Simultaneous in situ detection of protein expression of multiple tumor markers of circulating tumor cells and heteroploid of chromosome 8 in primary lung cancer

BACKGROUND: Previously published studies have shown that circulating tumor cells (CTC) play an important role in clinical staging, efficacy monitoring and prognostic evaluation of lung cancer.

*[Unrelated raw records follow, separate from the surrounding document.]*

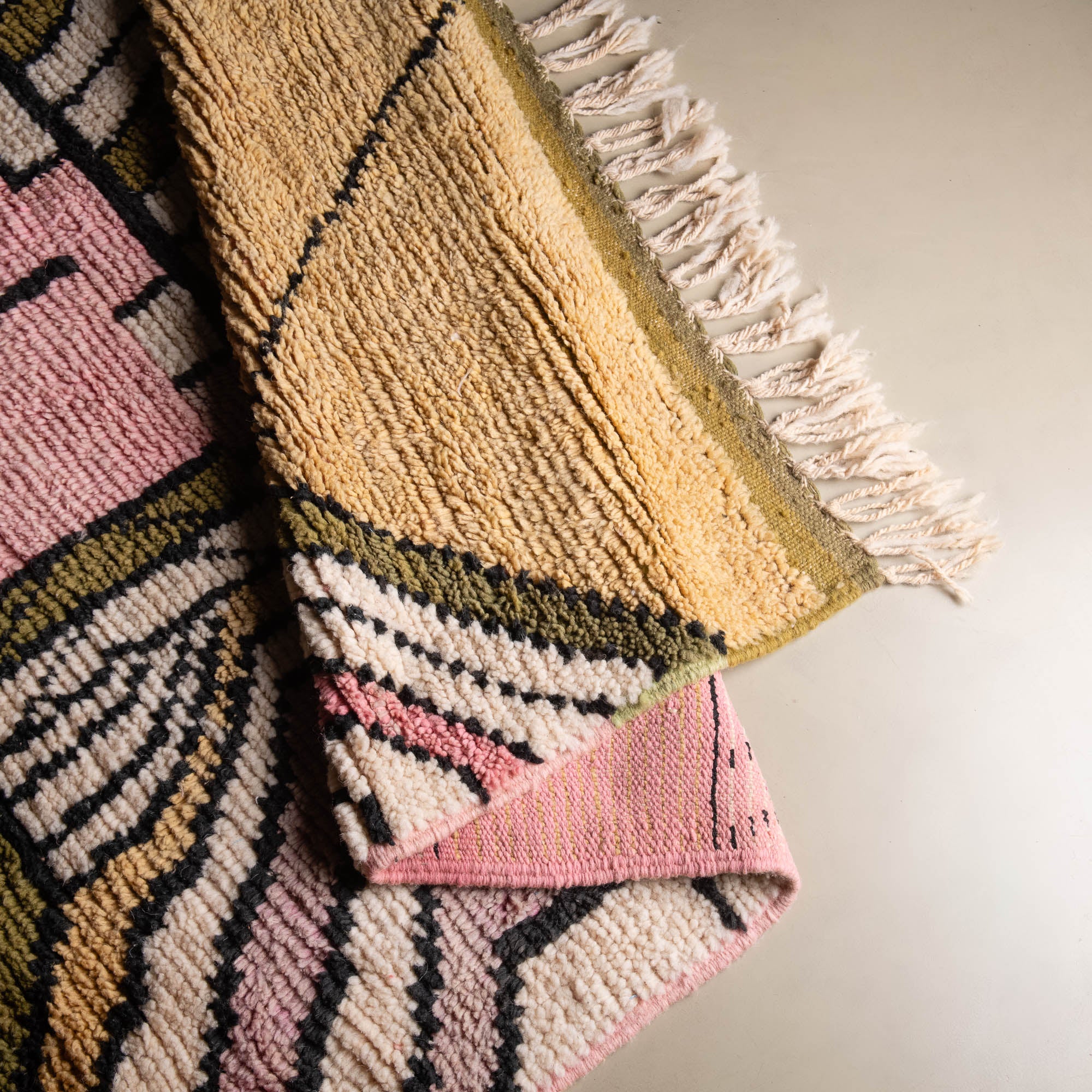 Boujad rugs are the result of a thousand-year-old know-how, transmitted from generation to generation by the women of the Boujad tribe. The colorful patterns of these rugs are inspired by nature and their beliefs.
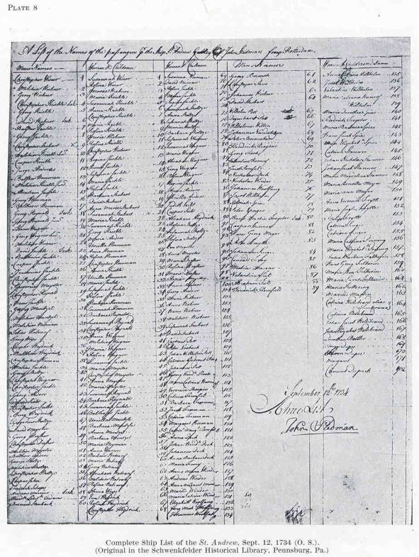 Palatines imported in the Ship, Saint Andrew, John Stedman, Master, from Rotterdam, Netherlands, but last from Plymouth, England, as per Clearance thence.  Qualified Sept. 12, 1734 [Old Style] at Philadelphia, PA.
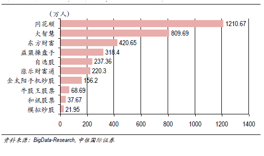 其次,同花顺在移动端上的流量优势,将是其未来业务增长的基本保证。值得一提的是,在东方财富、大智慧和同花顺这三家中,前两者已互联网券商化,只有同花顺一直在金融信息服务商这一条路上深耕。
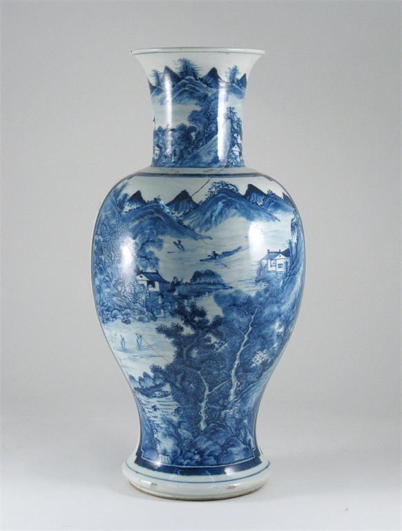 A Chinese blue and white baluster vase, painted with a landscape and a mythical beast. Damaged and previously lamped. 19th century, 52.5cm.
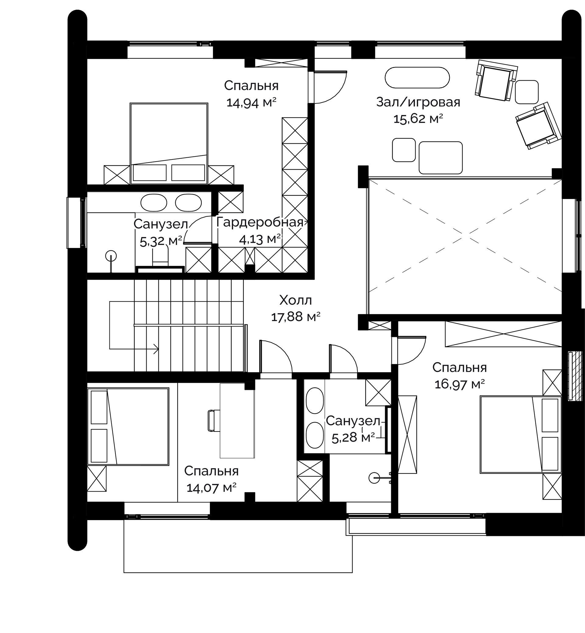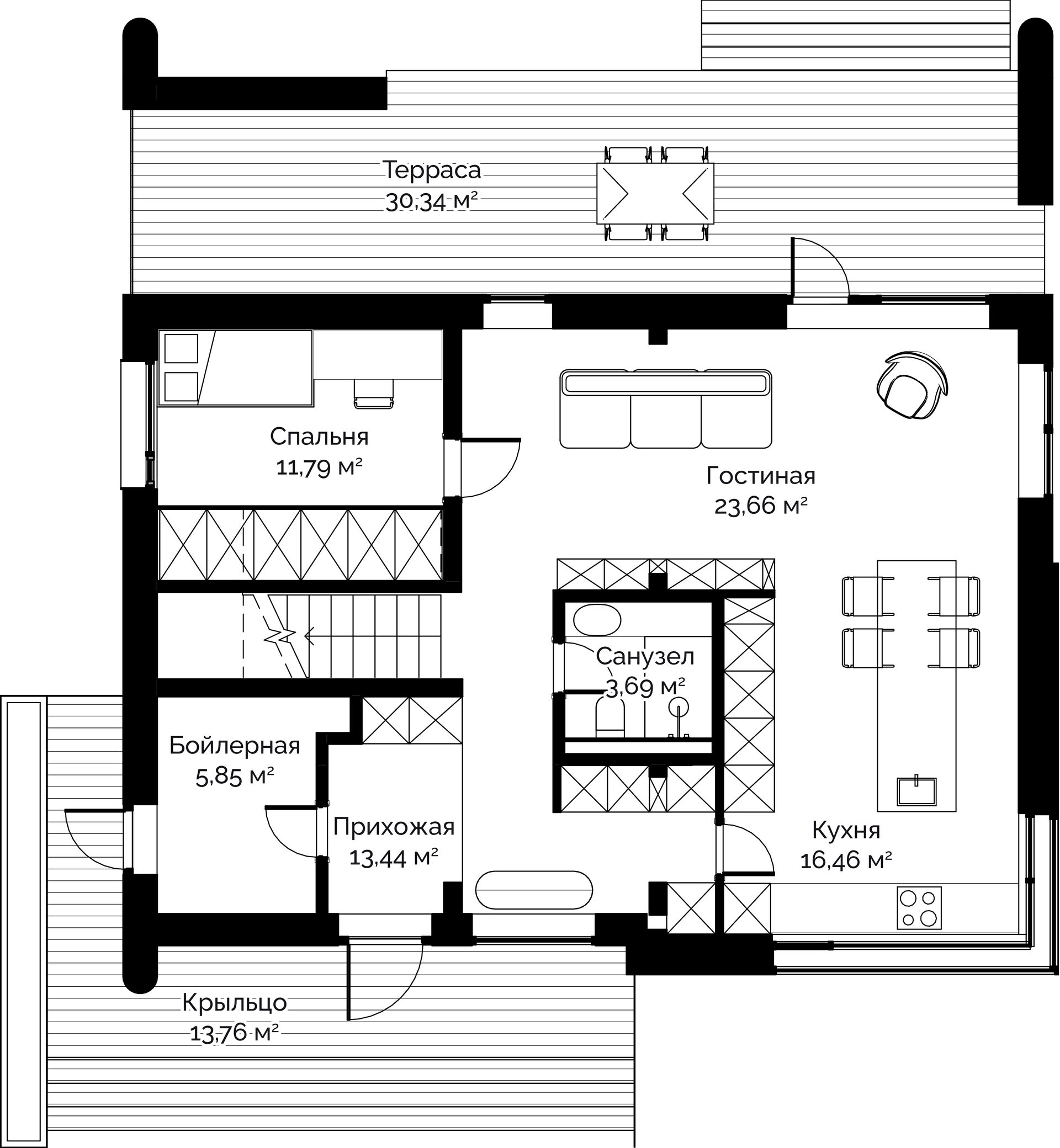 Отмостка — «Мягкая» по периметру здания с засыпкой щебнем.
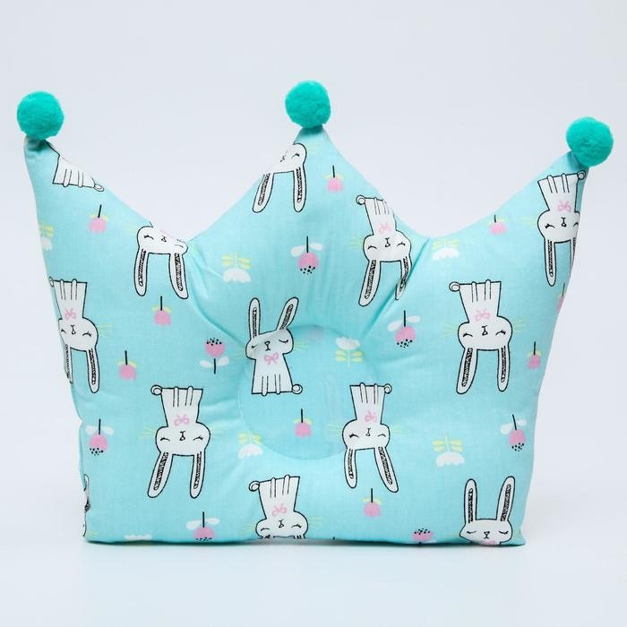 Подушка детская ортопедическая «Корона», зайки на бирюзовом
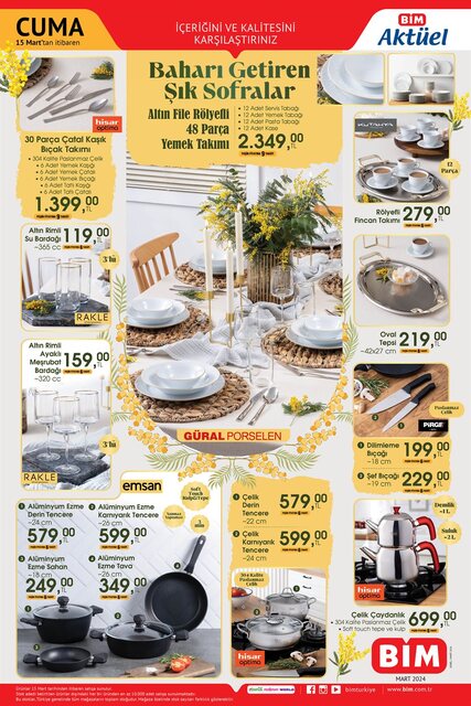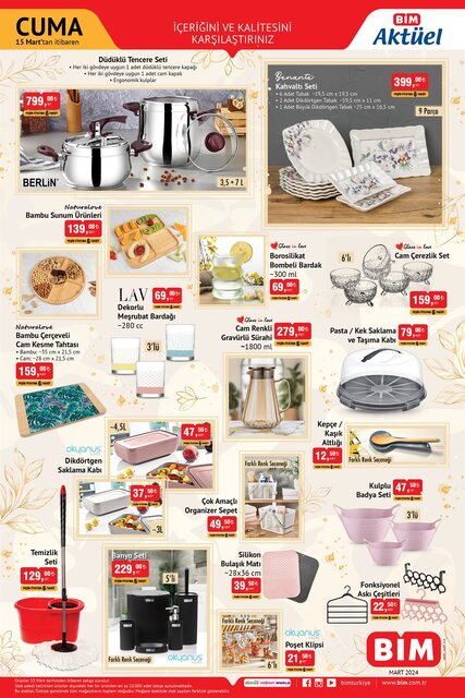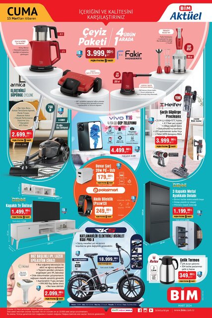 BİM aktüel kataloğu ile fiyat listesi alışveriş takipçilerinin gündeminde yer alıyor. Haftanın BİM aktüel ürünler kataloğu yayınlandı. BİM'de bu hafta; çeyiz paketinden, küçük ev aletlerine, beyaz eşyalardan, teknolojik ürünlere, kozmetik malzemelerden, mutfak eşyalarına birçok kategoride ürün indirimli fiyatlarıyla alıcılarını bekliyor. BİM aktüel 15 Mart kataloğunu haberimizde paylaştık. İşte BİM aktüel 15 Mart kataloğu ile fiyat listesi...

The aim of the present study was to investigate the significance of simultaneous in situ detection of multiple tumor marker protein expression and chromosome 8 aneuploid of CTC in the diagnosis and treatment of primary lung cancer. METHODS: We investigated the expression of cytokeratin 18 (CK18) and Vimentin on the surface of CTC and the aneuploidy of chromosome 8 in the peripheral blood of 24 patients with metastatic primary lung cancer, which were detected by subtraction enrichment (SE) and immunofluorescence in situ hybridization (iFISH). Their correlation with clinicopathological features, curative effect, and prognosis was analyzed. RESULTS: The positive rate of CTC was 95.83% (23/24). There was a certain correlation between the positive rate of CTC and smoking, and a correlation between the number of CTC and histopathological type. The number of monoploid, diploid, triploid, and polyploid CTC had no statistical correlation with progression-free survival (PFS) or overall survival (OS). However, a tetraploid CTC count of ≥2 was an unfavorable predictor of response; a tetraploid CTC count ≥1 was an unfavorable prognostic predictor of poor OS. The rate of CK18+ CTC in all 24 patients was 4.35% (1/23). Seven out of these 24 patients were also tested for Vimentin, and the rate of Vimentin+ CTC was 85.71% (6/7). Small-cell (≤5 µm) CTC was found in 6 of these 7 patients and accounted for 11.83% (11/93) of the total CTC. The tumor marker phenotype of small-cell CTC was CK18– and Vimentin+. In addition, circulating tumor microthrombi (CTM) were found in 2 of these 7 patients (28.57%). CONCLUSIONS: SE-iFISH has a high detection rate of CTC in the peripheral blood of patients with metastatic primary lung cancer, and it can identify small cell CTC. Tetraploid CTC count ≥2 can predict poor PFS in patients with advanced lung cancer. Tetraploid CTC count ≥1 could predict poor OS in patients with advanced lung cancer. CTM can predict poor prognosis in patients with lung cancer.